Paranoid schizophrenics usually get late diagnosis because they usually look normal to other

people. It is only after the individual experiences a huge stressful event that their paranoia can be

seen by their family members or friends, thus enabling the family to look for medical advice.

Disorganized schizophrenia is characterized by confused thoughts (Medical News Today, 2014).
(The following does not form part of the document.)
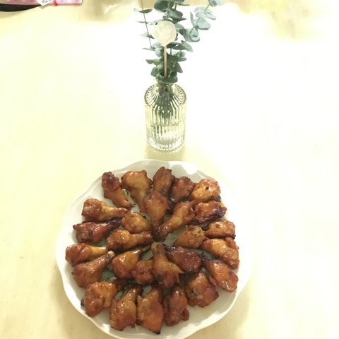 우유에 재서 소금 후추 밑간하여 바베큐 소스 에이원 소스 아가베 시럽 넣고 오븐에 구웠어요.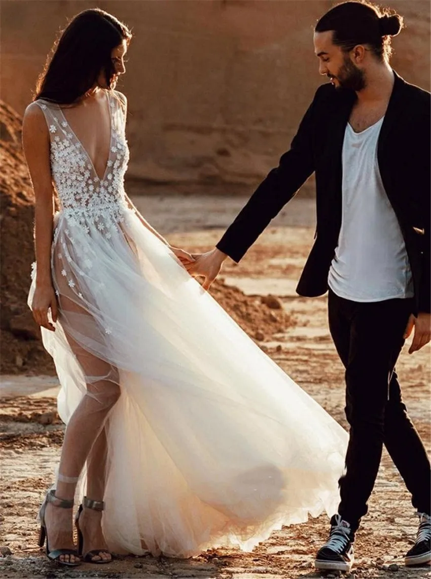 Сексуальное пляжное свадебное платье с глубоким V-образным вырезом и разрезом по бокам до пола, кружевное свадебное платье без рукавов, 2021 тюль, ТРАПЕЦИЕВИДНОЕ ПЛАТЬЕ

The patient’s ability to think logically is compromised and the patient can mix topics during a

conversation. Disorganized behavior such as wearing clothing inappropriately is also

characteristics of this sub classification. Catatonic schizophrenia manifests as a catatonic stupor

in which the patient has very little activity and all movement may stop. It can also manifest as

catatonic excitement characterized by hyperactivity and mimicry of other people’s words or

actions (Medical News Today, 2014).

Residual schizophrenia only refers to patients who have previously suffered from schizophrenia

but the symptoms have reduced considerably (Bengston, 2016b). The patient may still have

hallucinations or paranoia, but these symptoms appear infrequently. To fall in this classification,

at least one negative symptom must be apparent and the patient must have had an attack at least

one year ago. Schizoaffective disorder is considered a mixture of schizophrenia and either

depression or bipolar disorder and is generally hard to diagnose because depression or bipolar

disorder has many symptoms. When an individual has mixed schizophrenic symptoms and does

not exhibit a dominant symptom, he may be classified with undifferentiated schizophrenia

(Mental Health Daily, 2016).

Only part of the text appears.